Question

A solution contains $N{a}_{2}C{O}_3$ and $NaHC{O}_3$. $10mL$ of the solution required $2.5mL$ of $0.1M{H}_{2}S{O}_4$ for neutralisation using phenolphthalein as indicator. Methyl orange is then added when a further $2.5mL$ of $0.2M{H}_{2}S{O}_4$ was required.
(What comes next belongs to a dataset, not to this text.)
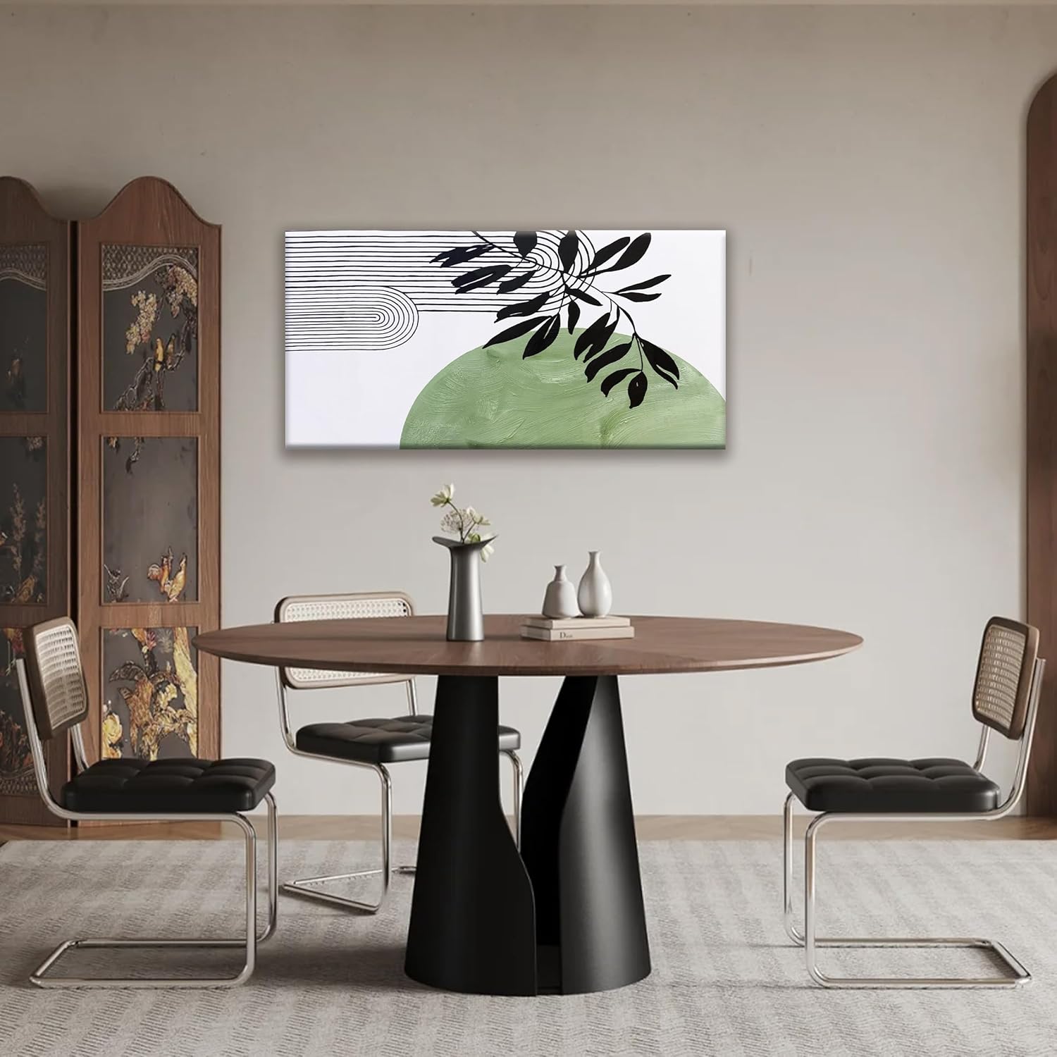 TAIJXAGSG Abstract Boho Green Wall Art Modern Canvas Art Wall Decor Artwork Abstract Wall Decor Minimalist Canvas Painting Prints Picture For Bedroom Bathroom Office Wall Artwork 20"X40"

Calculate the amount of $N{a}_{2}C{O}_3$ and $NaHC{O}_3$ in one litre of the solution.

Answer 1

$2.5mL$ of $0.1M{H}_{2}S{O}_4=2.5mL$ of $0.2N{H}_{2}S{O}_4$
$=\frac{1}{2}N{a}_{2}C{O}_3$ present in $10mL$ of mixture
So,
$5mL$ of $0.2N{H}_{2}S{O}_4=N{a}_{2}C{O}_3$ present in $10mL$ of mixture
$\equiv 5mL$ of $0.2NN{a}_{2}C{O}_3$$
$\equiv \frac{0.2\times 53}{1000}\times 5=0.053g$
Amount of $N{a}_{2}C{O}_3=\frac{0.053}{10}\times 1000=5.3g/L$ of mixture
Between first and second end points,
$=2.5mL$ of $0.2M{H}_{2}S{O}_4$ used
$=2.5mL$ of $0.4N{H}_{2}S{O}_4$ used
$=5mL$ of $0.2N{H}_{2}S{O}_4$ used
$\equiv \frac{1}{2}N{a}_{2}C{O}_3+NaHC{O}_3$ present in $10mL$ of mixture
$(5-2.5)mL0.2N{H}_{2}S{O}_4$
$\equiv NaHC{O}_3$ present in $10mL$ of mixture
$\equiv 2.5mL0.2NNaHC{O}_3$
$\equiv \frac{0.2\times 84}{1000}\times 2.5=0.042g$
Amount of $NaHC{O}_3=\frac{0.042}{10}\times 1000=4.20g/L$ of mixture.